大迫力のサウンドに鳥肌、哀しくも美しい感情表現にうっとり
なかでも印象に残るのは、怪人ファントムの棲家です。オペラ座の地下に隠されたその場所は幻想的かつ不気味な空間が広がる水の洞窟。仮面の下に隠されたファントムの憎しみと哀しみが積み重ねられた場所でもあります。映画版では劇場版で描かれなかったファントムの出生の秘密も明かされます。

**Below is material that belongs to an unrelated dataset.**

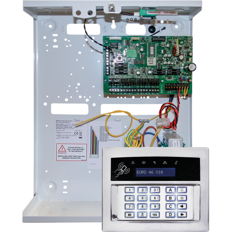 Combined Euro 46 Large Panel with keypad - modem not includedPRODUCT FEATURESHybrid 76 zone control panelFully menu-driven programmingConnect with the vast range of communication optionsRemote maintenance with Pyronix InSite UDL softwareGrade 2 & 3 security with a fully compliant appConnect from anywhere with the ProControl+ AppNo on-site IT configurationSupplied with a EUR-064 keypad. Product shown with optional chrome keypadFREE PyronixCloud subscription for first 12 months
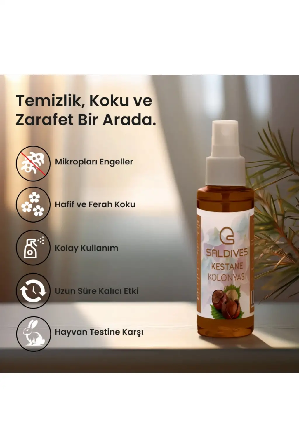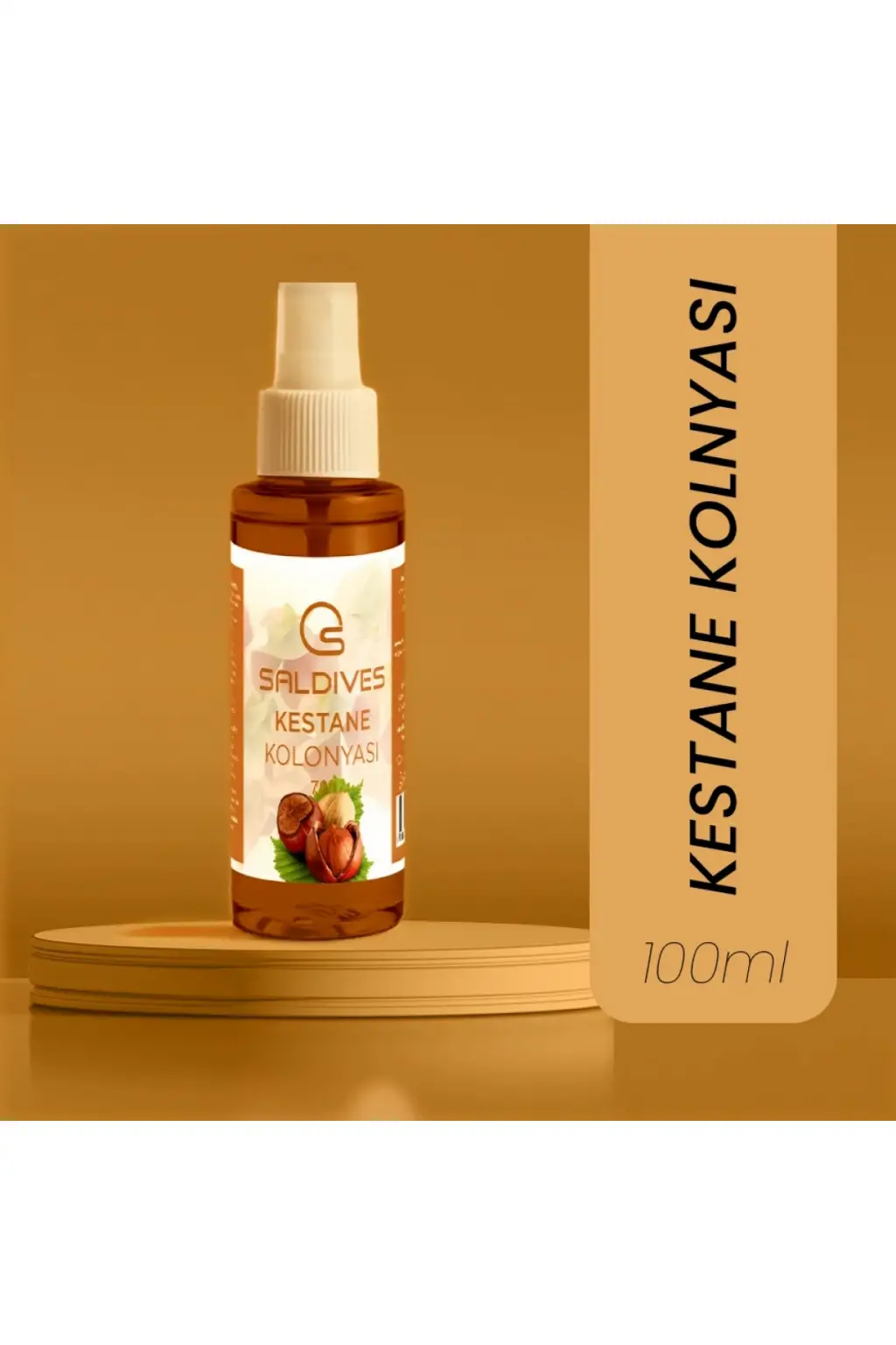 ÜRÜNLERİNİZİ İYİ GÜNLERDE KULLANINIZ.; ; Saldives markasının özel üretimi Kestane Kolonyası 100 ml, ferahlatıcı ve tazeleyici etkisiyle öne çıkıyor.; ; Doğal kestane özleri ile zenginleştirilen bu kolonya, cildi nazikçe temizlerken ferah bir his bırakır.; ; Özel formülü sayesinde gün boyu tazelik ve hijyen sağlar.; ; Pratik boyutuyla yanınızda taşımak için ideal bir seçenektir.; ; Ofis, seyahat ya da günlük kullanım için uygundur.; ; Saldives Kestane Kolonyası 100 ml, kaliteli içeriği ve hoş kokusuyla öne çıkarak günlük bakım rutininizin vazgeçilmezi olmaya aday!;

水の反射で光が揺らめくたびに、荒々しさの裏にある繊細な心まで見えてくるようで、彼の表情にくぎ付けになってしまうシーンが多々あり。ファントム役を演じた若き日のジェラルド・バトラーによるロック調のテノールの歌声も耳に残ります。クリスティーヌ役のエミー・ロッサムが奏でる美声とも相性ばっちりです。爽やかイケメン貴族ラウルを演じる3人目の主演パトリック・ウィルソンも実力を発揮し、クリスティーヌを巡る恋の闘いをいい感じに盛り上げます。
そして、感情が高まるシーンで使われるのがフルオーケストラ。総勢100人に上る大迫力のサウンドは鳥肌ものです。誰でも耳にしたことがある名曲が重厚に鳴り響く贅沢さにうっとりします。
加えて、視覚的な贅沢さも味わえてしまいます。2万個に上るフルカットのクリスタルから成る巨大シャンデリアは物語の鍵ともいえる存在で、あのスワロフスキー社が全面的に協力して映画のために作られたもの。スワロフスキー製のクリスタルはクリスティーヌの舞台衣装にも施され、大画面いっぱいにキラキラ感が伝わってきます。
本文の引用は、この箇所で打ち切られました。